I don't know what is wrong. I am in my early 20's and we have been married for 3 years. I really don't enjoy sex anymore. It used to be great and I must say I had a high sex drive. But now it is more of a chore. I never orgasm from intercourse. I am always left unsatisfied. Even if my husband lasts forever I just end up getting dried out after a while and he is always wondering why i don't orgasm even if he lasts long. I think because he doesn't really try forplay, he justs wants to put it in. But then even if he tries kiss before hand to get started up I end up feeling "annoyed" and it is like I am kissing someone who I don't like and it is a turn off. The weird thing is we don't have any marrital problems or even fight. Most of the time his way of initiating sex is to just start touching me out of no where like when I am watching TV or doing something. And I don't know why but that really irritates me. I don't like to have him just come up and grope me out of the blue. Does anyone else feel this way? Maybe I am not in love with him anymore? I noticed the lack of passion after we had my son who just turned 2. I can not have sex for a week and it doesn't even phase me. I really don't think about it. It is almost nice to just not worry about it. Any knowledge on this would be appreciated.
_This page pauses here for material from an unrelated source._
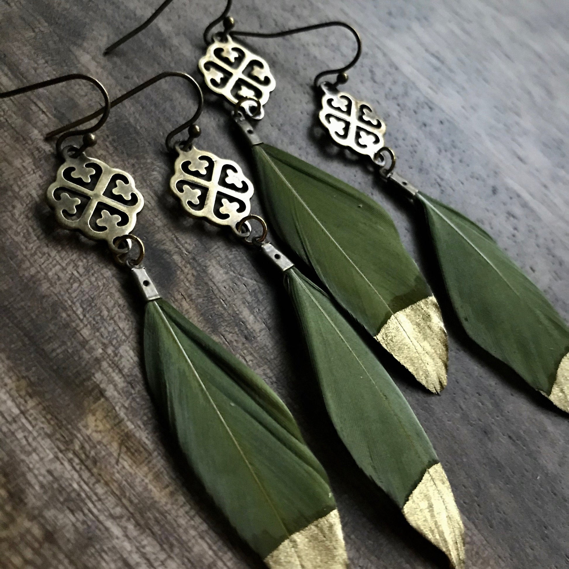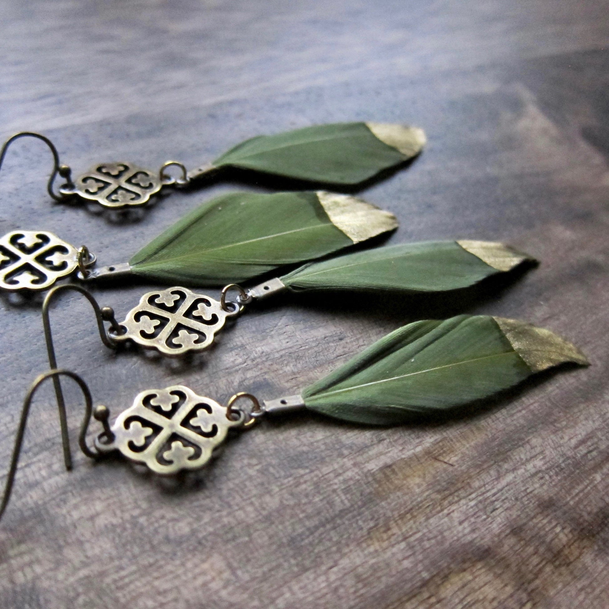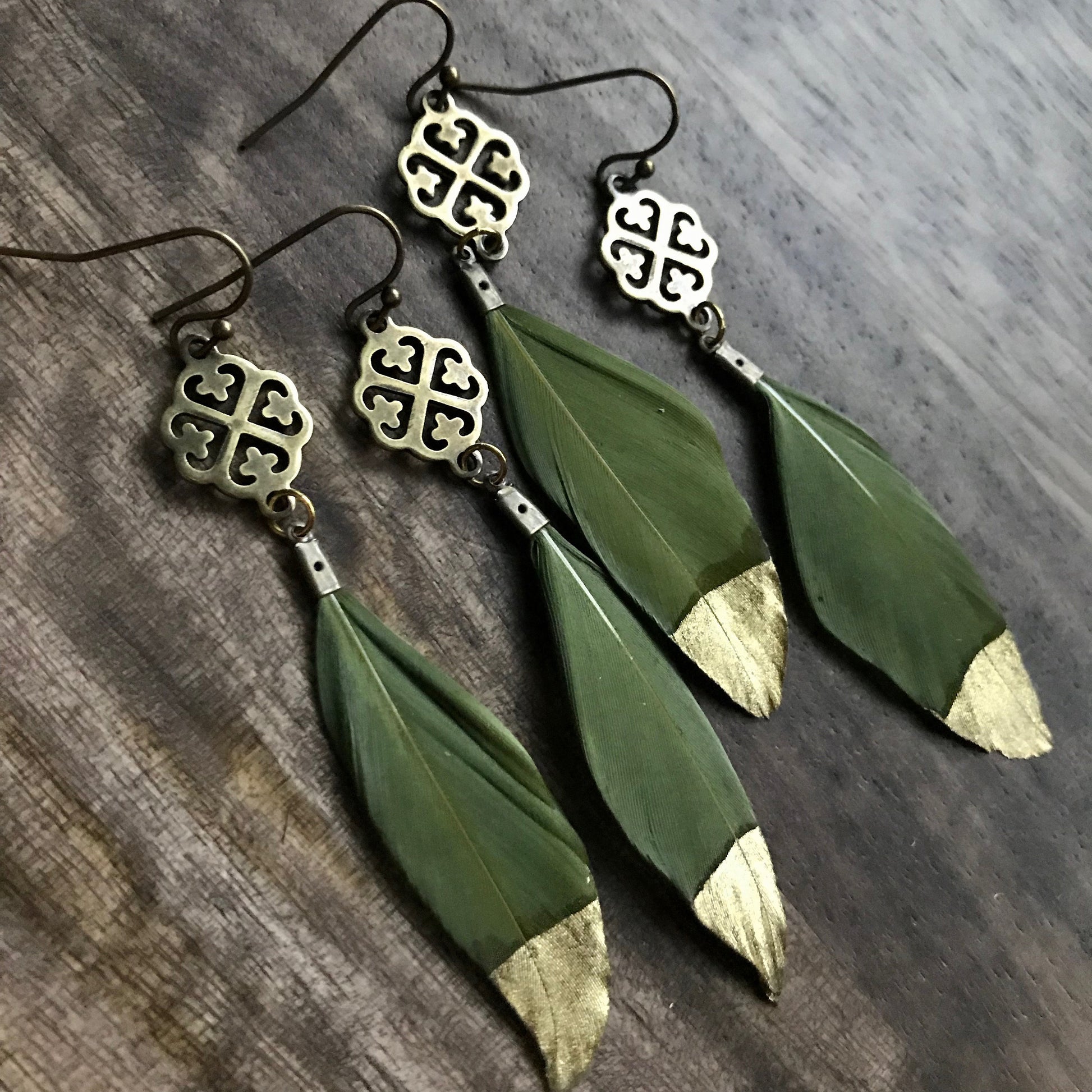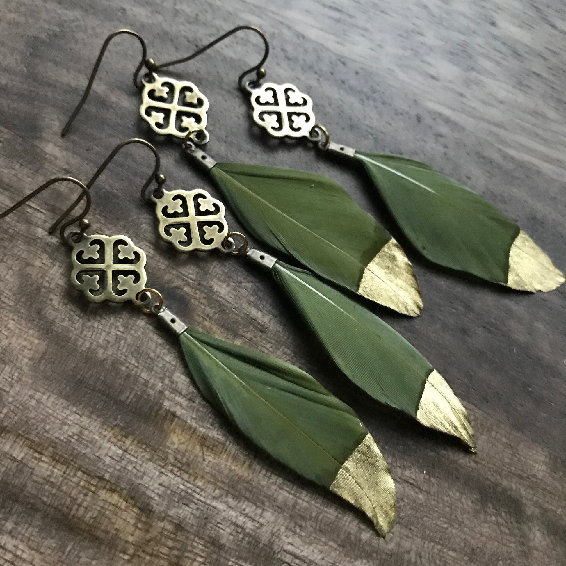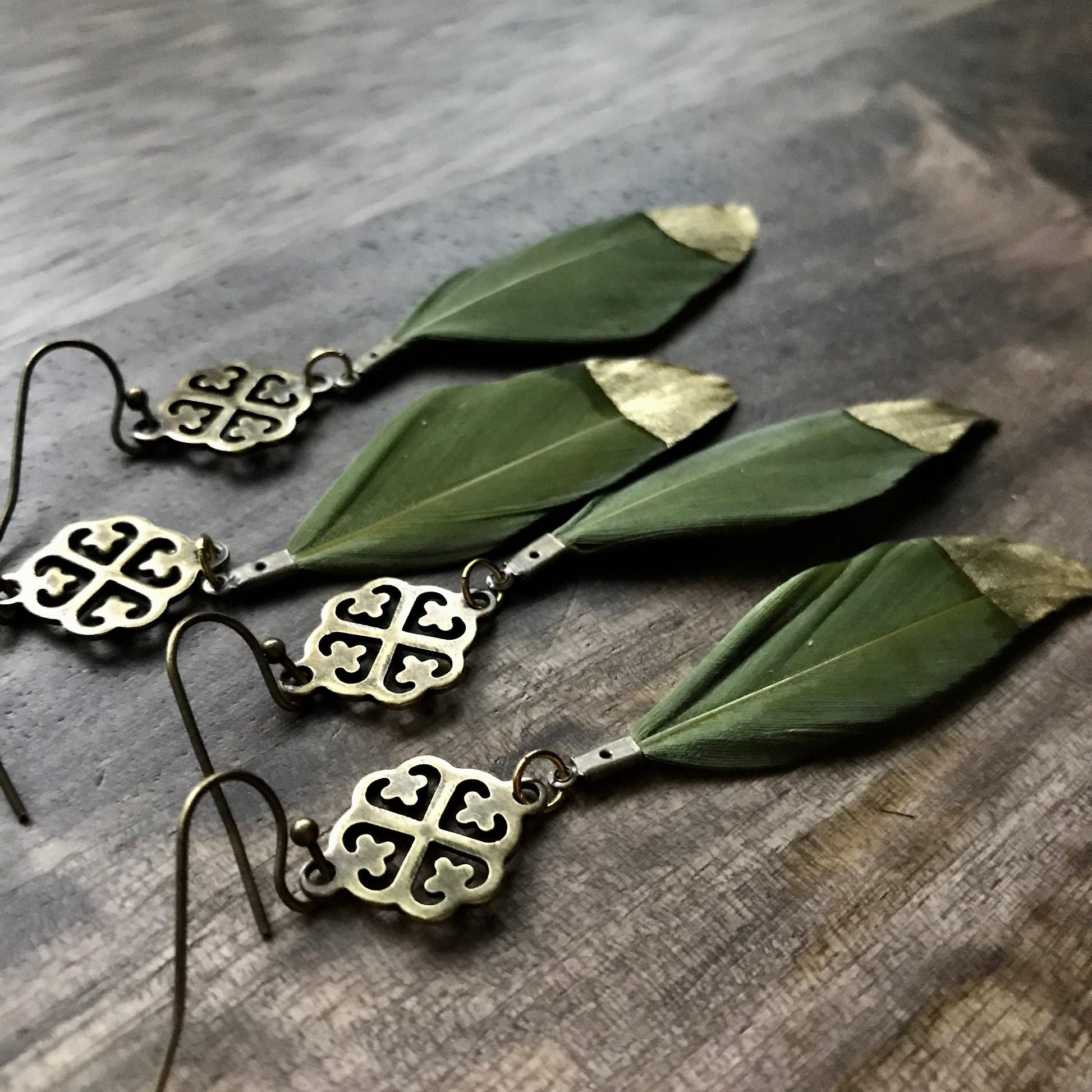 Genuine feathers in a rich, olive green are dipped in gold and hung from a solid brass connector. Brass Ear Wires. Feathers are all unique so slight variations are to be expected.

you know people change.. you change, I change, we all change... so dont expect anything.. this word is big >>EXPECT<< Have you guys got anything in comon ?? What do you both like to do, activities, outings, etc..... Maybe you love him less... things change but, things will come back to normal.. Tell him the way you feel too.. and, maybe tell him to take it easy with you.
Communication is the key in every relationship. Tell him how you feel, but I honestly don't believe things just start going down hill. Are you absolutely sure nothing is bothering you emotionally because that can really play a factor in everyday living?
Well lets see. He is gone at school all day and usually has to study at night. I am home with my son. When he is free, we like to watch movies go out to eat ect.. I guess if we ever want to go out alone we have to find a babysitter. We like the same music and both have the same personality to some degree. I think the only thing that REALLY bothers me is I feel he doesn't help me keep the house clean. Like when he is home he just wants to sit around and watch sports. He isn't great at cleaning up after himself. And I feel like whenever he helps with our son is when I ask him to. At least he doesn't refuse, but at the same time it would be nice if I didn't have to ask all the time for him to do anything. I have talked to him about this everyday and he always says he will do better but it is all talk with no results. I don't know someone told me that you shouldn't nag men because it makes them listen even less. Maybe thats why I don't enjoy sex with him? Another annoying thing is that he always wants me on top when I don't even get anything out of being on top at all. To me it is uncomfortable and absolutely pleasureless. And he still asks me. When that is really selfish because if he is going to enjoy it and finish either way then why can't he be on top so I can at least like it a little bit.
I'd refuse to go on top if it's only good for him and not you....that's very selfish of him. Plus, he doesn't do any foreplay for you which is also selfish. I would tell him you are not interested in sex b/c it's only good for him and that if he's not willing to do what you need for it to be mutually satisfactory, he can go please himself. If you continue to just let him use you, sounds like he's perfectly happy with that arrangment. YOu need to stand up and insist on it being a two way street from the pleasure standpoint or just refuse all together. Of course, I'd be delicate about how you say all of this b/c he might not realize how selfish he is being.